12 Il revient à chaque pays d’établir ses mesures de réduction des émissions de GES au niveau national ou

progression vers l’atteinte des cibles. Cependant, la non ratification du protocole par les États-Unis, en raison de l’absence d’engagements contraignants pour les économies émergentes, ou encore le retrait du Canada, font que la plupart des grands émetteurs mondiaux de GES en sont exclus. La portée du Protocole de Kyoto en vue d’atteindre le seuil environnemental fixé en est donc fortement compromise.

Heureusement, après les déceptions de Copenhague et les succès mitigés de Cancun, les récentes négociations de la 18e session de la Conférence des Parties à la CCNUCC (COP18) et à la 8e session de la Conférence des Parties agissant comme réunion des parties au Protocole de Kyoto (CMP8) ont permis des avancées modestes, mais indispensables à la continuité de l’engagement international dans la lutte aux changements climatiques (COP18 and CMP8, 2012). En effet, le Protocole de Kyoto a été amendé pour prévoir son prolongement jusqu’en 2020. De plus, les 194 signataires se sont entendus sur un calendrier de travail visant à déposer, dès décembre 2015, un accord mondial qui devrait contenir des engagements contraignants pour tous les grands émetteurs à partir de 2020 (France. Ministère des Affaires étrangères, 2012). L’accord prévoit aussi que le seuil de 2oC pourrait être révisé selon l’évolution des connaissances scientifiques sur les risques d’une élévation des températures globales.

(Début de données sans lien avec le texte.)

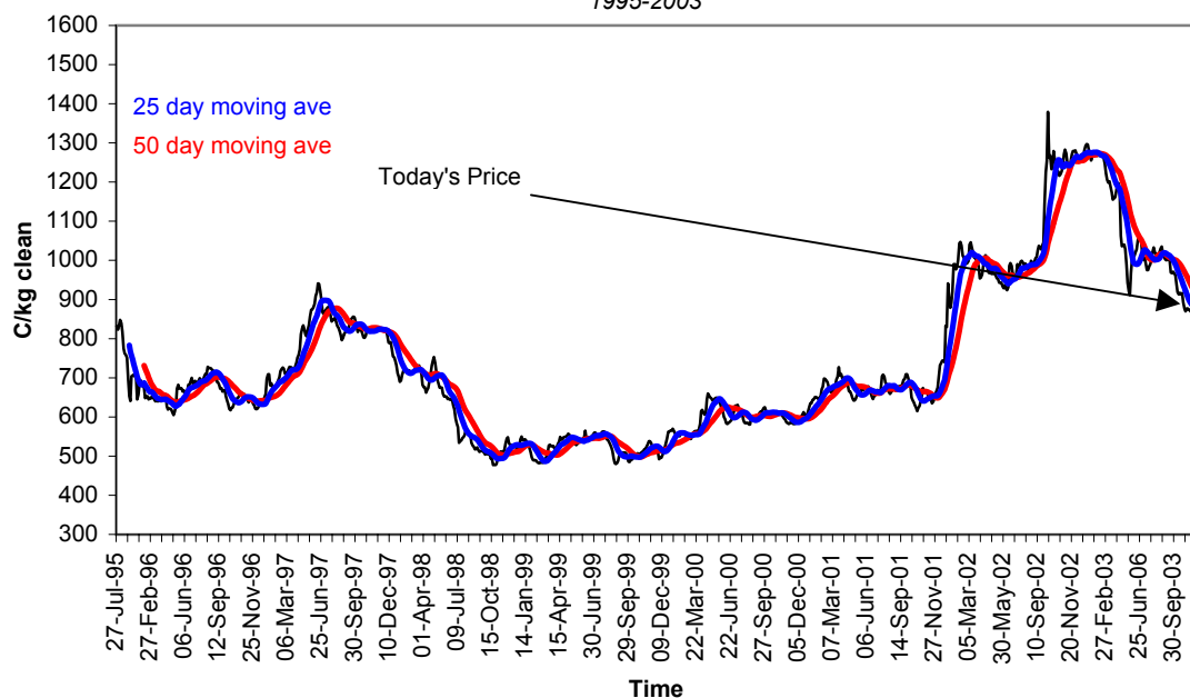
20 Micron -North 1995-2003
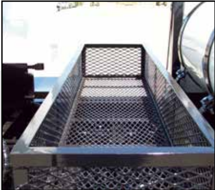
Easily accessible tool baskets for large or bulky items.
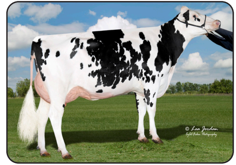
K-Star Delta Answer "VG-86" Third Dam of Lot 9G
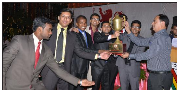
Champions Trophy- Batch of 2010
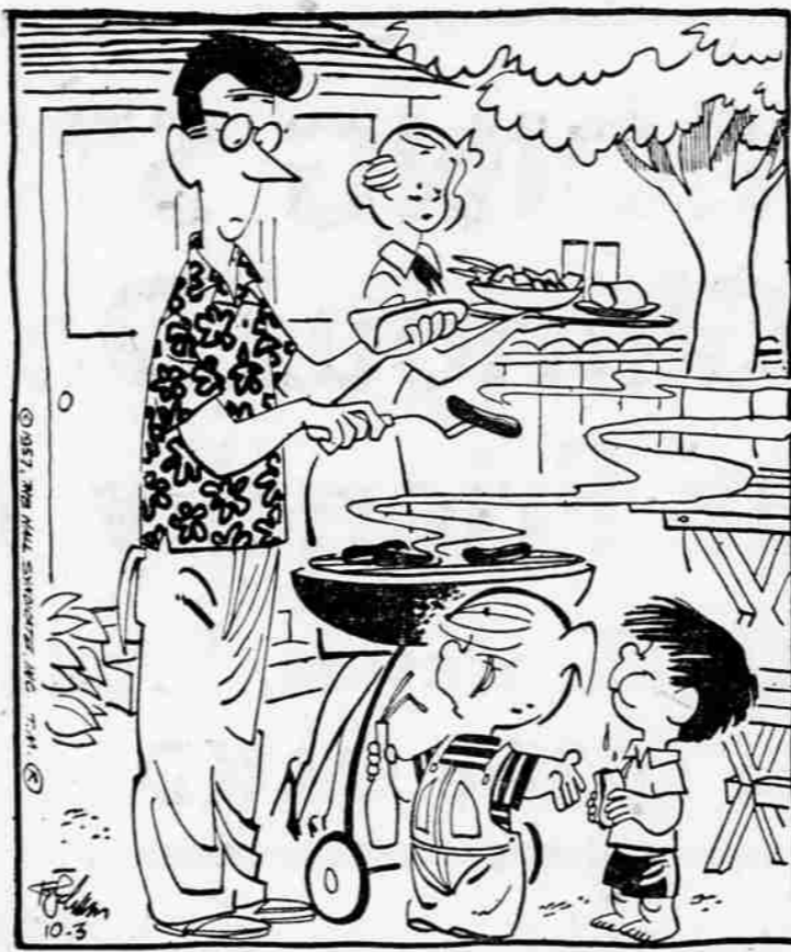
I'll tell ya why the poor kids eatin' so many hotdogs: his folks are VEGETARIANS!
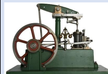
A steam engine
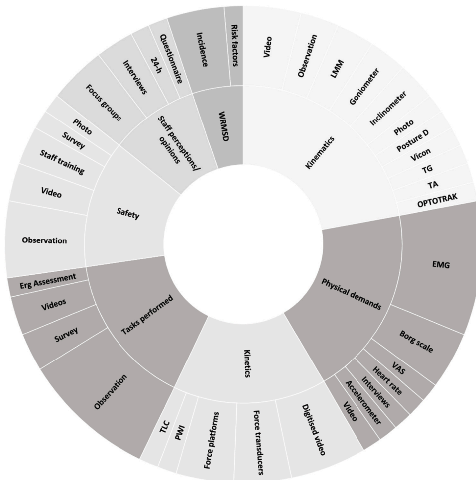
Fig. 2. Outcome measures from the primary research (n = 36) separated into measurement tools (outer ring) and the domain that they were used to collect data for (inner ring)(size of sections based on relative count for each measurement tool). Key: LMM – Lumbar motion monitor; Posture D – Posture dosimeter; TG – Tri-axial goniometer; TA – Tri-axial accelerometer; PWI – Physical workload index; TLC – Tri-axial load cells; Erg Assessment – Ergonomic assessment; 24-h – 24-h Survey.

including therapeutic handling, handler movement and handler perceptions is required to better establish the factors that increase risk of injury and to provide appropriate targets for interventions.
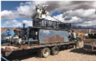
Triflo MFS2500 Mud Pit $52K

See Our Entire Inventory At: BeemanEquipmentSales.com
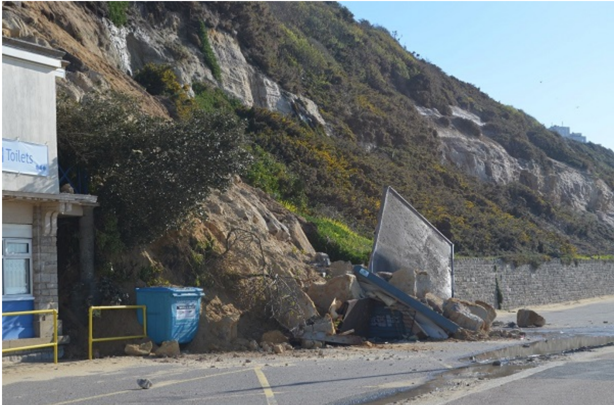
Toe of the landslide at East Cliff, Bournemouth, showing the toilet block, 24 April 2016.

What appeared to be clean water was seen emerging from the destroyed toilet block onto the road. This is assumed to be from a fractured water supply pipe within the toilet block. No water was observed emerging from the landslide itself, although access onto the landslide was not possible and hence the presence (or absence) of water within the landslide could not be confirmed.
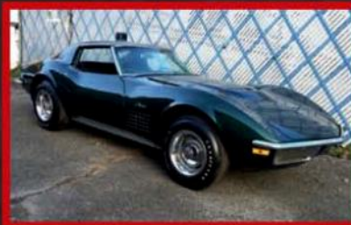
1971 Chevrolet Corvette Coupe
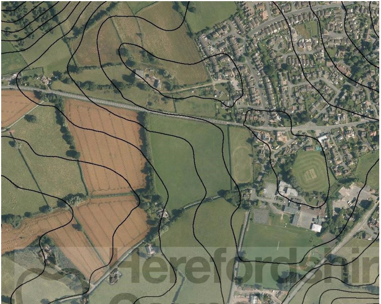
Figure 1: A recent aerial photograph of the site and context with 5m contours
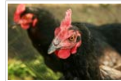
Avian influenza forced the slaughter of millions of domesticated birds.

Avian influenza, also called bird flu, is an emerging epidemic disease that is highly contagious, spreads quickly and easily between domestic and wild birds, and it occasionally infects humans, although it is not passed on between humans. It presents a major threat to life, economies and security. It was first identified in Hong Kong in 1997 and since then there have been 310 reported human cases that have resulted in 189 deaths.
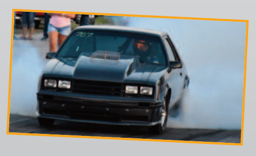
REIL RICING! REIL SPEED!

Saturday: Gates open 10 am • Racing starts 11 am • Jet 8 pm • Altereds 5, 7 & 9 pm Sunday: Gates open 10 am • Racing starts 11 am • Jet 7 & 9 pm
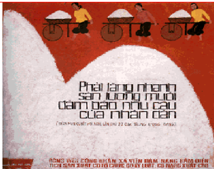
NVA- We Must Increase the Production of Salt to Satisfy the People's Needs.
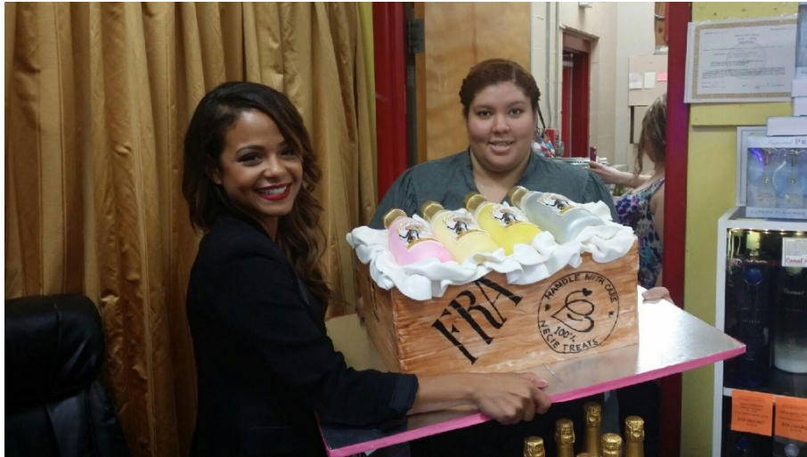
Christina Milian with Viva Diva Wines.

Related Link: Christina Milian Ends Engagement to Jas Prince
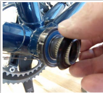
8. Make sure outer dust seal is in place before installing left crank arm.
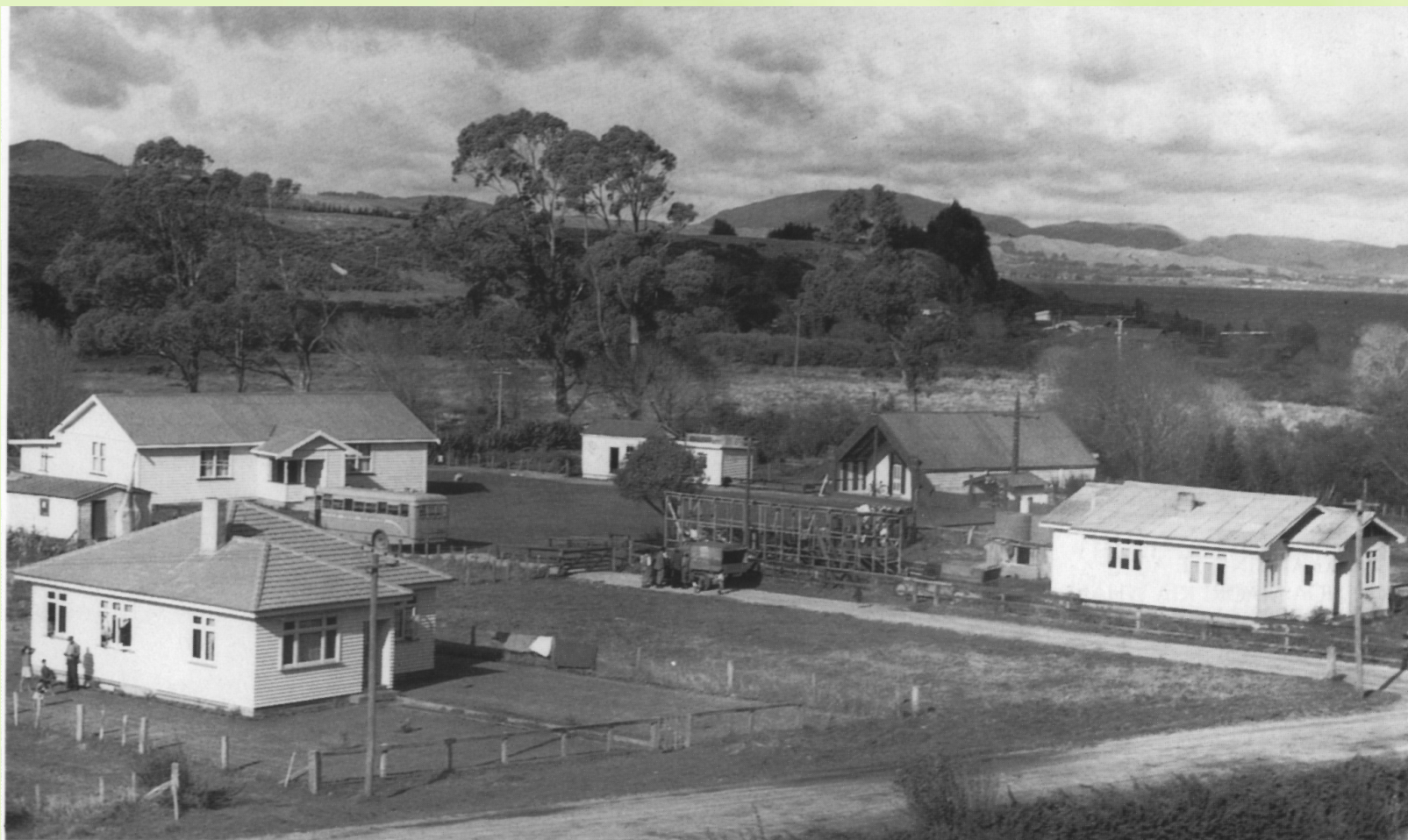
Mourea - Rotoiti 1953
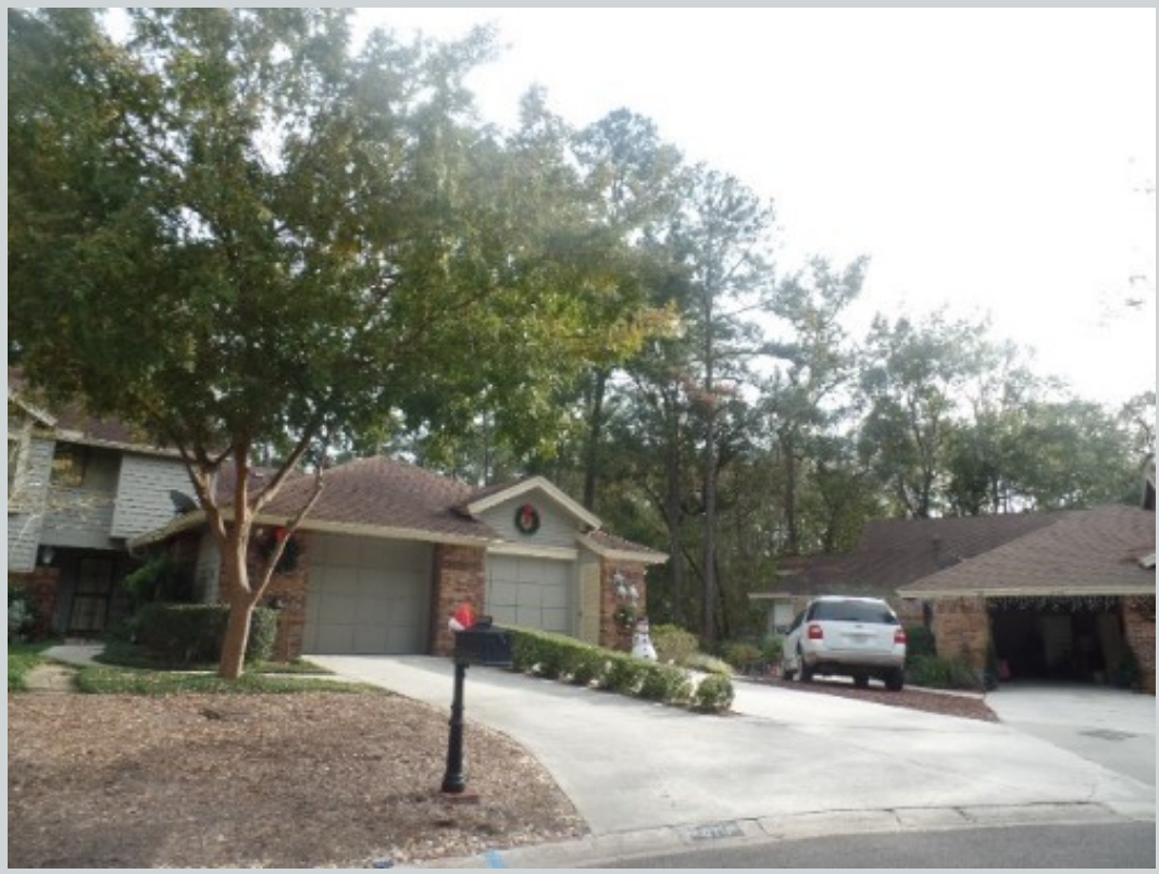
Subject 675 Wells Landing Dr
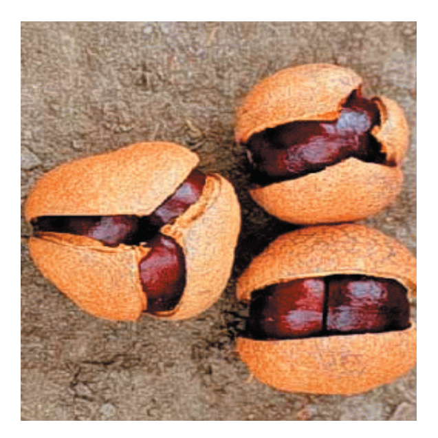
Buckeye fruit with seeds inside

Yellow buckeye has been hybridized with A. pavia and A. glabra to yield interesting hybrids with a range of flower color.
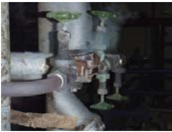
Repair steam leaks promptly to reduce energy loss.

Steam leaks should be rectified to prevent steam loss, which requires additional boiler feed, chemicals and fuel to heat the water.
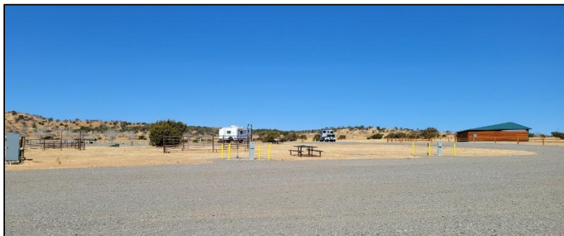
1 Rob Jagers Campground

In 2021, the Conservation Area used partners for the following projects: research continued with US Fish and Wildlife Service and Texas Tech University on migratory birds; the Fort Stanton Cave Study Project and other cave survey teams mapped more of the cave; the PLIA (Public Lands Interpretive Association) worked with BLM to develop a cave educational program which includes an in-classroom component, a videogame module, and a field trip into the cave; updated the cave MOU between the USFS Smokey Bear District and the RFO; and worked with State of New Mexico Historic Sites to build a spur trail on State land that connects to BLM trails.
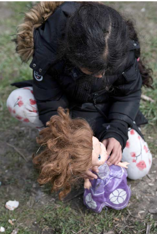
Child playing with her doll.

RYS reiterated a similar warning in April 2018, stating that minors in northern France were sleeping rough in woodlands and continued to face poor sanitation conditions and poor access to health care, legal advice and information. They raised alarm bells regarding exposure to sexual exploitation and abuse, human trafficking and minors being subjected to police violence on a daily basis. According to their estimates, the displaced population in the area had remained stable, with around 600 individuals, including an estimated 100 unaccompanied minors. Interventions from the French state increased, with a frequent clearing of camps, destruction of tents and the use of tear gas – including against sleeping minors. 125
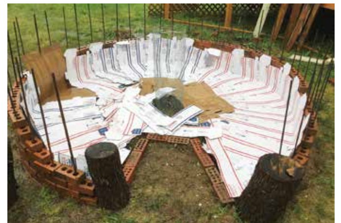
Keyhole gardens in various stages of completion.

Dirty fingernails and all, Sioux Rogers • 541-890-9876 dirtyfingernails@fastmail.fm
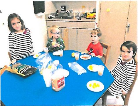
Above: Our preK/K class enjoys a snack after a rigorous hour in Sunday School.
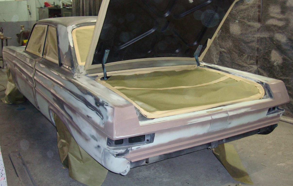
Mask off vehicle
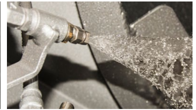
ZONE 4 DRUM (DISCHARGE FIN)
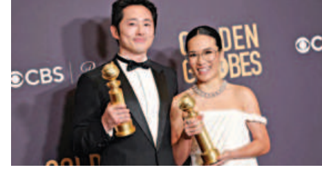
Ali Wong and Steve Yeun win Best Actress and Actor in Limited TV Series, for 'Beef'.

Gestion des populations d’espèces aquatiques migratrices

Un autre exemple de gestion de ressources naturelles prenant directement compte de l’état de l’environnement et impliquant une coordination internationale est celui des ressources halieutiques migratrices. Les systèmes de gestion de ces ressources constituent des comparables particulièrement intéressants dans le contexte de la gestion de l’eau. Comme l’eau, les stocks de poissons évoluent dans le temps et nécessitent une évaluation périodique. De plus, comme c’est le cas des limites des bassins versants, les zones de migration de plusieurs espèces aquatiques exploitées commercialement ne correspondent pas aux limites administratives. La gestion de ces ressources requiert donc l’implication des parties prenantes de plusieurs juridictions différentes et une acceptation des méthodologies d’évaluation des populations de poissons.

Les pêcheurs québécois vivent cette situation dans le cas de la pêche commerciale de onze espèces (MAPAQ, 2011). Le thon rouge de l’Atlantique en est un exemple. Dans le but de préserver la population de cette espèce et d’assurer la pérennité de cette activité économique, une structure administrative internationale a été instaurée. La Commission internationale pour la conservation des thonidés de l’Atlantique (CICTA) assure le suivi des stocks pour les 48 pays contractants (ce nombre inclut la Communauté européenne) et identifie les volumes qui pourront être prélevés dans la zone comprenant l’océan Atlantique et les mers adjacentes (CICTA, 2007). Ces recommandations font ensuite l’objet de négociations entre les pays contractants. C’est ainsi que le Canada s’est vu autoriser la capture de 483,2 tonnes de thon rouge de l’Atlantique pour l’année 2012 (Pêches et Océans Canada, 2012). Ce volume est ensuite réparti entre les provinces et finalement entre les différents types de pêcheurs autorisés à l’intérieur des provinces.